Since April, some friends and I have been teaching English Language Learning classes to a Congolese refugee community in Nashville with G.O.D. Intl’s Immigrant and Refugee Program. At the end of our first 8-week cycle, we asked the students for feedback on what they would like to learn next. One man, a father of 7 and French and Swahili teacher, said, “I would like to learn the English alphabet. If my wife has to go to the hospital, and they ask me her name, I want to be able to spell it.” A very valid point, one that immediately silenced me. Regardless of what lessons we may have wanted to move on to, it was clear: they needed to know the alphabet. Many others in the class echoed this request.

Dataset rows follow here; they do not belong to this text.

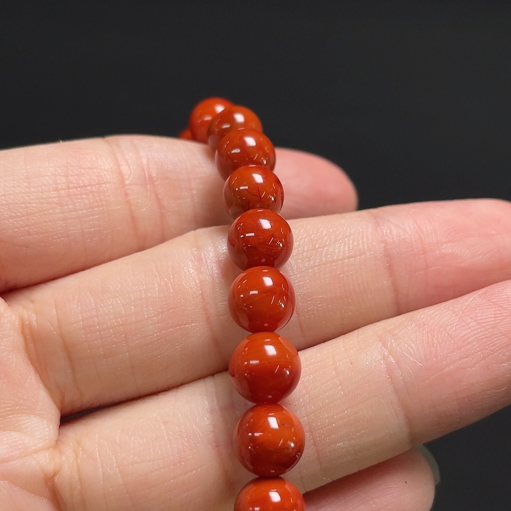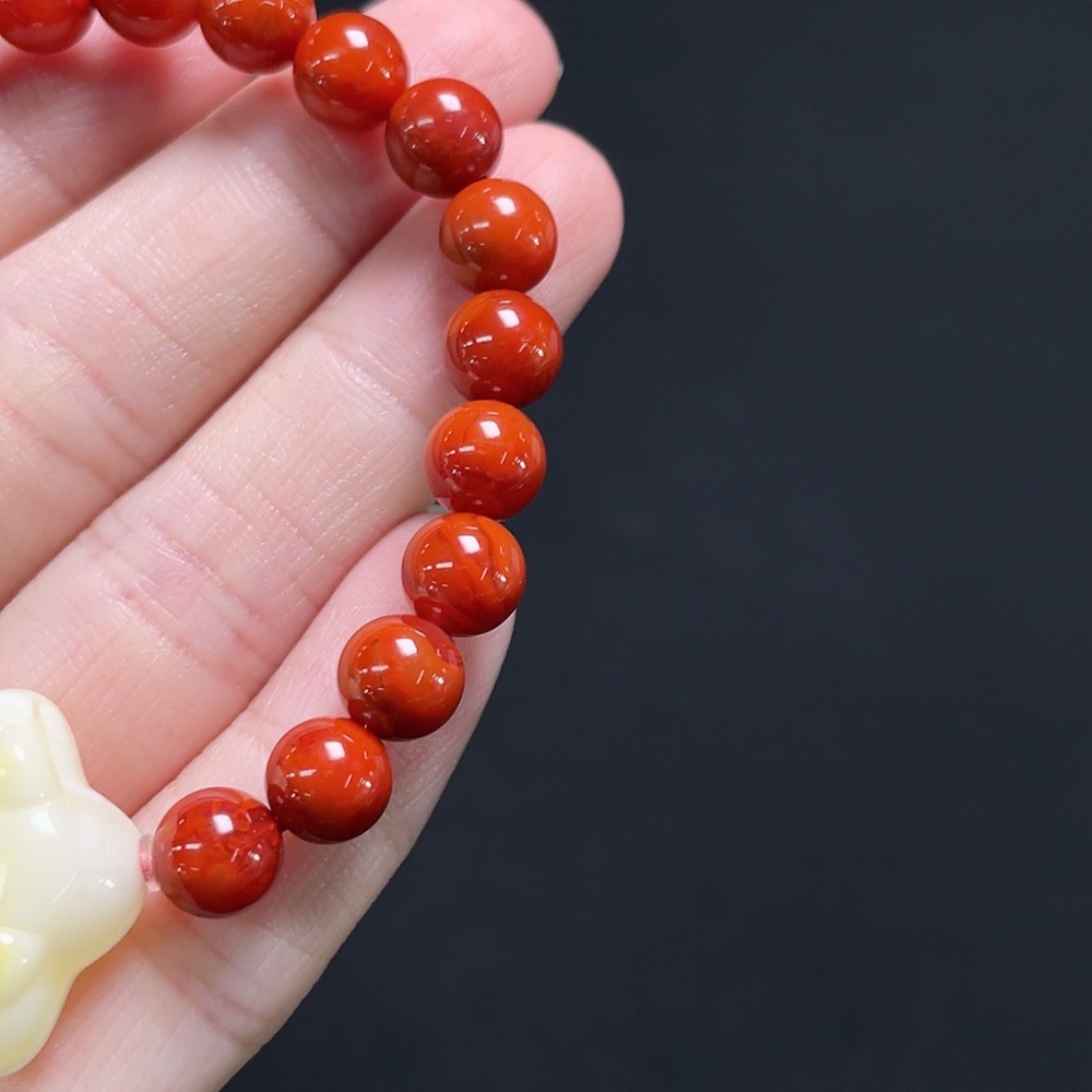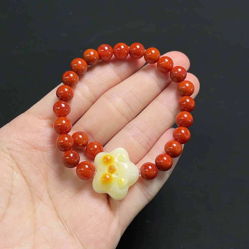 Red Agate Bracelet + Loose Beads with Amber, Visible Organic Matter, Total Weight Approx. 13.1g, Size About 6.9mm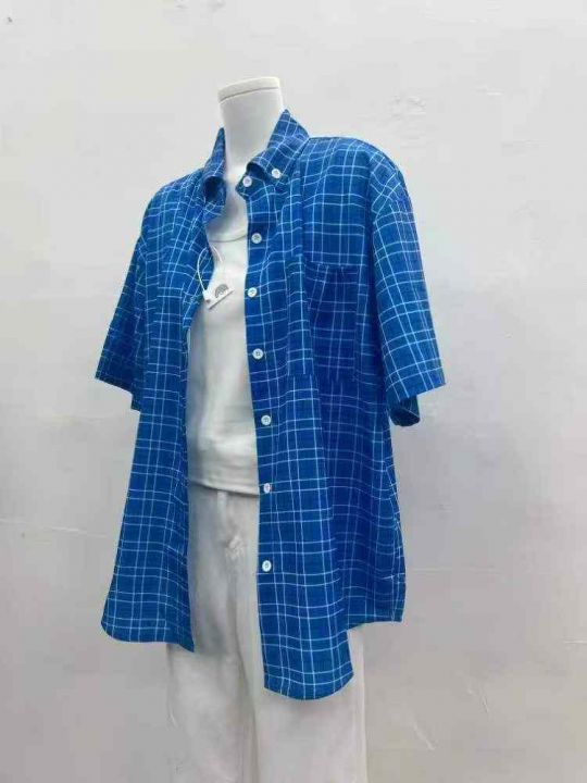 情侣格子衬衫198件6.9,情侣宽松版,领子带纽扣,有口...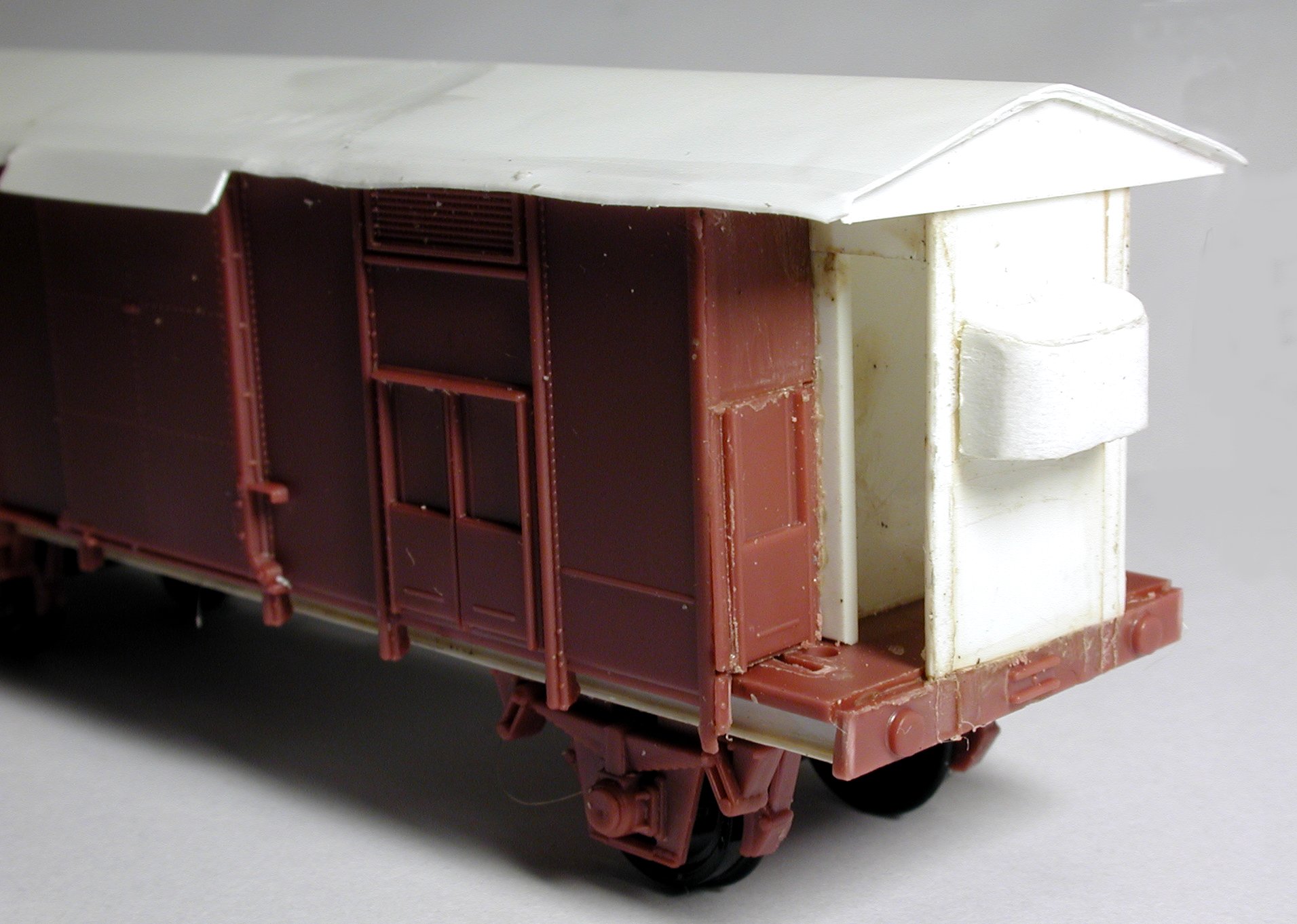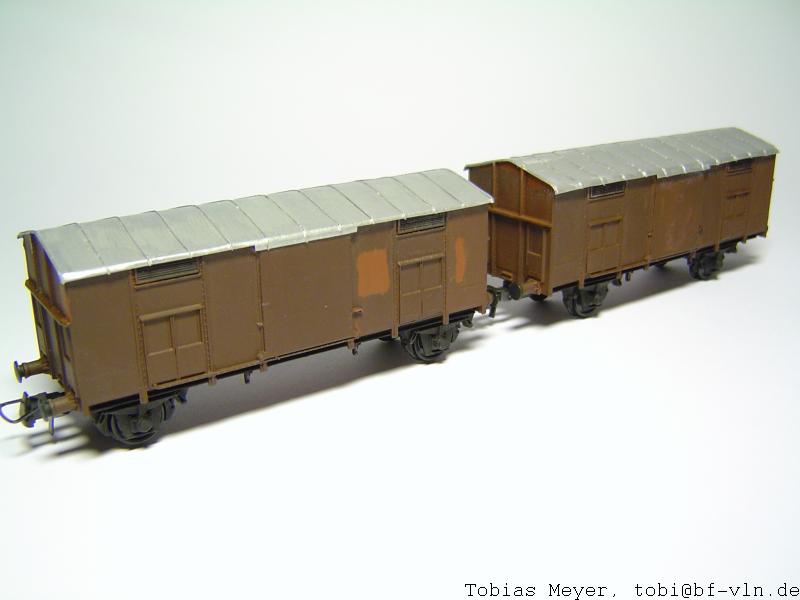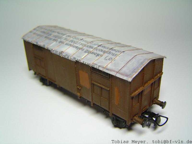 Sicher bin ich nicht, aber für mich sieht das aus wie ein umgebauter Satteldach-Hg. Außer dem Tonnendach und den neuen Achshaltern bedarf noch die Tür ein wenig der Zuwendung, aber m.E. ist das trotzdem lohnender, den TTM-Bausatz umzufrokeln, als für teures Geld und mit viel Mühe einen Laser-Wagen zu ergattern. Mehr dazu, wenn's soweit ist.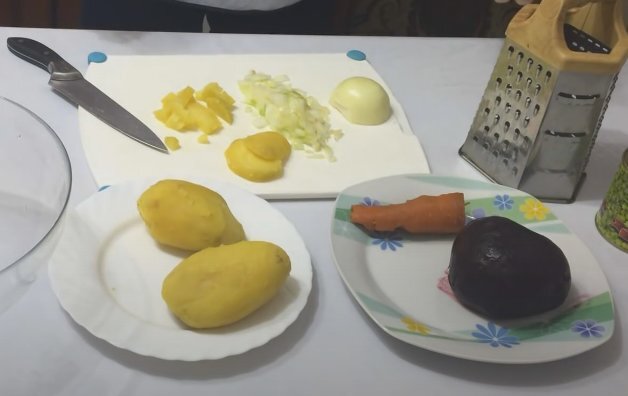 Отвариваю картофель, свеклу и морковь. Остужаю, очищаю от кожуры. Картофель и лук режу кубиком, свеклу и морковь тру на терке.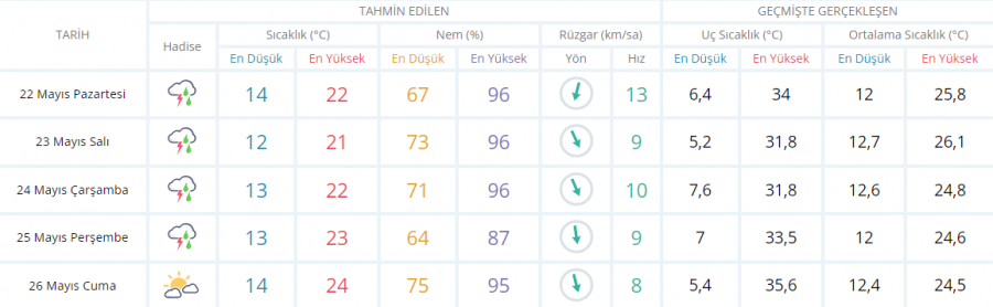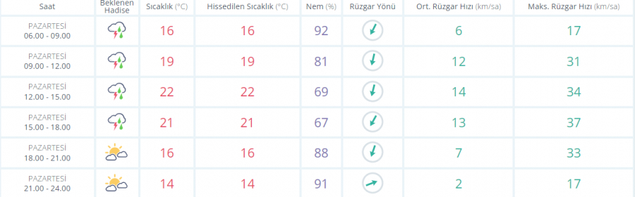 Ülkemiz genelinin parçalı ve çok bulutlu, Marmara'nın güneyi, Ege, Akdeniz, İç Anadolu, Karadeniz'in iç kesimleri, Doğu ve Güneydoğu Anadolu ile Edirne ve Tekirdağ çevrelerinin yerel olmak üzere sağanak ve gök gürültülü sağanak yağışlı geçeceği tahmin ediliyor. Yağışların: İç Ege, Batı Akdeniz'in iç kesimleri, İç Anadolu'nun kuzeybatısı, Orta Karadeniz'in iç kesimleri ile Bilecik, Kırşehir, Kırıkkale, Yozgat, Bolu ve Tunceli çevrelerinde yerel olarak kuvvetli olması bekleniyor. Rüzgarın: Doğu Akdeniz ile Doğu ve Güneydoğu Anadolu'nun batısında güneyli yönlerden kuvvetli (40-60 km/saat) olarak eseceği tahmin ediliyor. Doğu Akdeniz, Doğu Anadolu'nun güneydoğusu ile Güneydoğu Anadolu'da toz taşınımı bekleniyor.

So we taught them the English alphabet, the letter names and their sounds. During one lesson, I worked with the man’s wife, teaching her how to spell her name. At some point, the man came over and started working with us. I stood between this couple in their 50s, listening to him say each letter, and her repeat after him. Again I was speechless as my eyes filled with tears, witnessing the humility of this family, displaced from their homeland over a decade earlier, learning a new language yet again.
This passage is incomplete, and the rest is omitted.